In recent years, intelligent optimization algorithm has been widely proposed. It possesses global search ability, enabling to locate the global optimal solution or an approximate optimal solution within the search space. Moreover, it can cope with non-smooth, non-continuous, non-linear, and other complex objective functions, and has better robustness. Additionally, it can speed up the search process, improve the efficiency of optimization, and bring new ideas and methods for solving optimization problems. Consequently, intelligent optimization algorithms emerge as a promising methodology for tackling challenges related to finding the optimal feature subset and parameter optimization problems.

Diabetic retinopathy (DR) is one of the most common microvascular complications of diabetes and the main cause of adult acquired blindness. With increasing DR trends worldwide, the prevention, treatment and associated costs have become global public health concerns. The pathogenesis of this disease is very complex. It has been proved that TCM has good clinical effect on the prevention and treatment of DR^[19]–^[22].

In other words, there are many effective methods for treating DR in TCM^[23]–^[25], including tonifying Qi and nourishing Yin, clearing heat and breeding body fluids, activating blood and removing blood stasis. So, how to correctly diagnose TCM syndrome type is a problem that must be solved. In this study, we used machine learning algorithms to establish an intelligent syndrome differentiation model for TCM, and utilized optimization algorithms to improve the classification performance of the model, which was applied to the classification of TCM syndrome types in DR.

SUBJECTS AND METHODS

Ethical Approval

This study collected DR patients who were hospitalized in Bailing Diabetes Hospital of Guizhou Province and the First Affiliated Hospital of Hunan University of Chinese Medicine from March 2015 to January 2019. This study was reviewed and approved by the hospital ethics committee (approval number: HN-LL-YJSLW-2020-77).

Diagnostic Criteria

Refer to Guidelines on Diabetic Eye Care^[26] for the diagnosis of DR: the classic retinal lesions of DR are well described and include microaneurysms, intraretinal hemorrhages, venous beading (venous caliber changes consisting of alternating areas of venous dilation and constriction), intraretinal microvascular abnormalities, hard exudates (lipid deposits), and retinal neovascularization.

Inclusion Criteria

Meet the DR diagnostic criteria mentioned above and no other diseases affecting the presentation of symptoms at the time of consultation with the doctor.

Exclusion Criteria

Medical record information is missing and there are obvious errors in medical record information.

Information Collection

By summarizing the description of DR in Ophthalmology of Traditional Chinese Medicine^[27] and Ophthalmology of Integrated Chinese and Western Medicine^[28], a unified clinical medical record data collection table was developed, which included general information (name, gender, age, diabetes course, etc.) and disease information (TCM four diagnostic information, past history, family history, personal history, auxiliary examination, etc.). For hospitalized patients, personal information, admission records, course records and discharge records of electronic medical records were exported, and then features were extracted using Python language according to clinical observation records.

Desensitization

In order to prevent the leakage of sensitive information of patients, desensitization processing is carried out on the aggregated medical record database, which involves hiding personal privacy fields such as the patient's name and hospitalization number, and using the number as the identifier of the medical record.

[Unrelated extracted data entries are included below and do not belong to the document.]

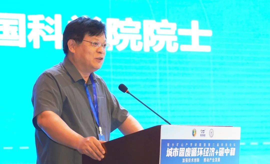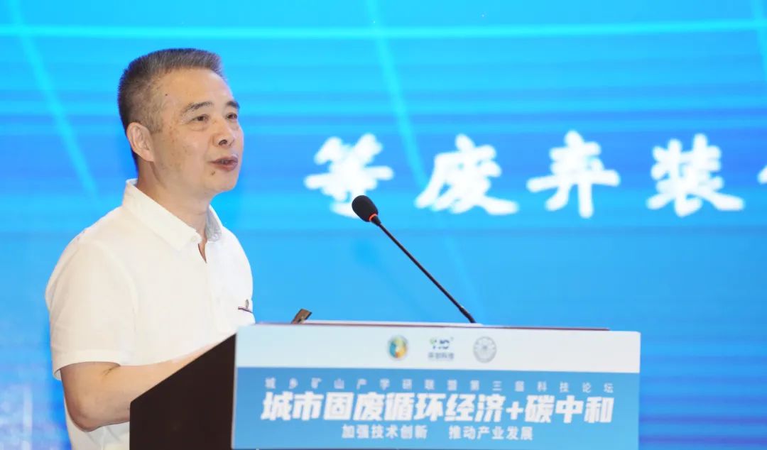 中國(guó)工程院陳勇院士在論壇發(fā)言中指出,城鄉(xiāng)礦山產(chǎn)學(xué)研聯(lián)盟論壇的迅速壯大,意味著國(guó)家和社會(huì)對(duì)固廢資源化處置更加關(guān)注和重視,從事固廢資源化處置研究的科研院校和企事業(yè)單位也越來(lái)越多,從而將極大推動(dòng)處置技術(shù)的快速進(jìn)步,促進(jìn)“碳達(dá)峰”“碳中和”。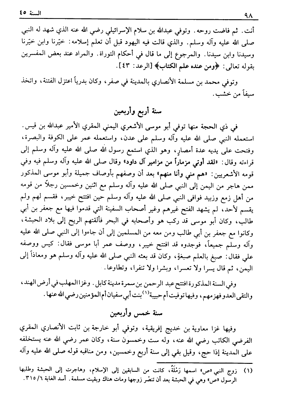 أنت. ثم فاضت روحه. وتوفي عبد الله بن سلام الإسراتيلي رضي الله عنه الذي شهد له النبي صلى الله عليه وآله وسلم. والذي قالت فيه اليهود قبل أن تعلم إسلامه: خيرنا وابن خيرنا وسيدنا وابن سيدنا. والمرجوع إلى ما قال في أحكام التوراة. والمراد عند بعض المفسرين بقوله تعالى: " ومن عنده علم الكتاب " - الرعد: 43 -. وتوفي محمد بن مسلمة الأنصاري بالمدينة في صفر، وكان بدرياً اعتزل الفتنة، واتخذ سيفاً من خشب.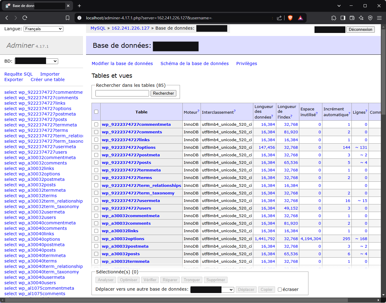 On essaye de se connecter à la base de données distante que l’attaquant a tenté de configurer sur notre honeypot. L’accès fonctionne correctement, on y retrouve dans la capture que des tables WordPress avec des préfixes différents, qui suggèrent que l’attaquant ne fait que des installations de WordPress :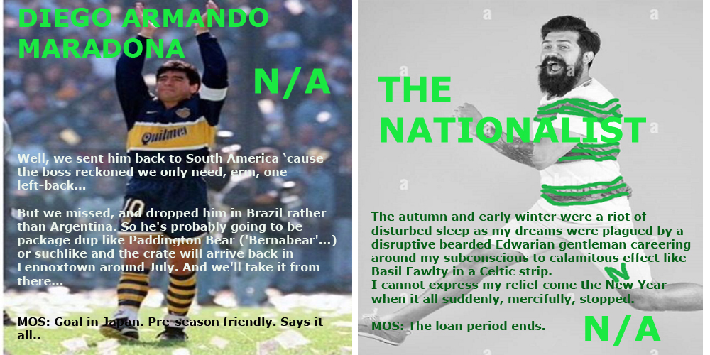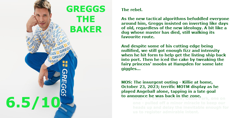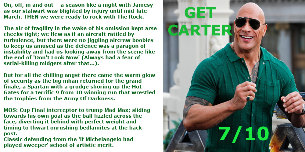WAYNE GRETZKY – 7/10 – You gotta love an AJ interview – he’s so damned North American it’s like listening to Ron Burgundy do a ‘sportscast’ with Ted Lasso. The cheesiness stops right there, however because this Bhoy is a stoical, combative presence – no Zombie shall pass – specialising in navy seal stealth overlaps and supporting ghost recon drifts into the enemy box.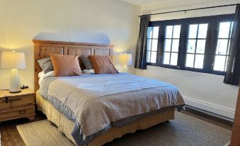 1250 sq ft with a spacious living, dining and kitchen area. Primary bedroom has a king bed, large windows and a TV. Second bedroom has a queen bed, the third bedroom has two twin beds. Hardwood floors, kiva fireplace, two skylights, 50 GB fiber internet service and two parking spaces are just outside the door.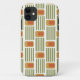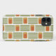 Ce boîtier téléphonique a un design moderne du milieu du siècle fait de cinq lignes vertes et un rectangle arrondi doré avec un rectangle arrondi orange répété à travers le design.

Data Screening and Cleaning

The case data were screened according to inclusion criteria and exclusion criteria, and errors, duplication, and missing values (data loss does not exceed 10%) in the data were corrected, redundancy was removed.

Standardized Processing

According to Ophthalmology of Traditional Chinese Medicine^[27], Syndrome Element Differentiation^[29], Terminology of Clinical Diagnosis and Treatment of Traditional Chinese Medicine (Revised edition)^[30], and ICD-11^[9], TCM syndrome types, disease names, and TCM symptoms are standardized.

Data Quality Control

No one shall alter, disclose or misappropriate the research data at will. The data were entered independently by three researchers, and cross-checked twice until the data results were consistent. The survey physician shall supervise and review, and if there is disagreement, the general responsible person shall rule.

Data Preprocessing

Excel was used to establish a database, TCM symptoms and TCM syndrome types were sorted into binary categorical variables, with “yes” assigned as “1” and “no” assigned as “0”. Sort according to the frequency of TCM symptoms and delete symptoms with a frequency of less than 8 (occasional symptoms lack diagnostic significance).

Classifier Construction

The data is randomly divided into training set and verification set at a ratio of 7:3. KNN model, Random Forest (RF) model, AdaBoost model, SVM model are established respectively, and the accuracy, precision, recall and F1-score were calculated to evaluate.

Feature Selection

The existence of redundant features in the data set will reduce the accuracy of model classification and increase the training time of the model. Genetic Algorithm (GA), a heuristic search method that is inspired by natural genetic mechanisms and biological evolution and can search for the optimal solution to a problem in a given spatial range. GA consists of five main parts, which are population initialization, fitness function design, selection operator, crossover operator and mutation operator. In this study it was used to select features in the disease dataset.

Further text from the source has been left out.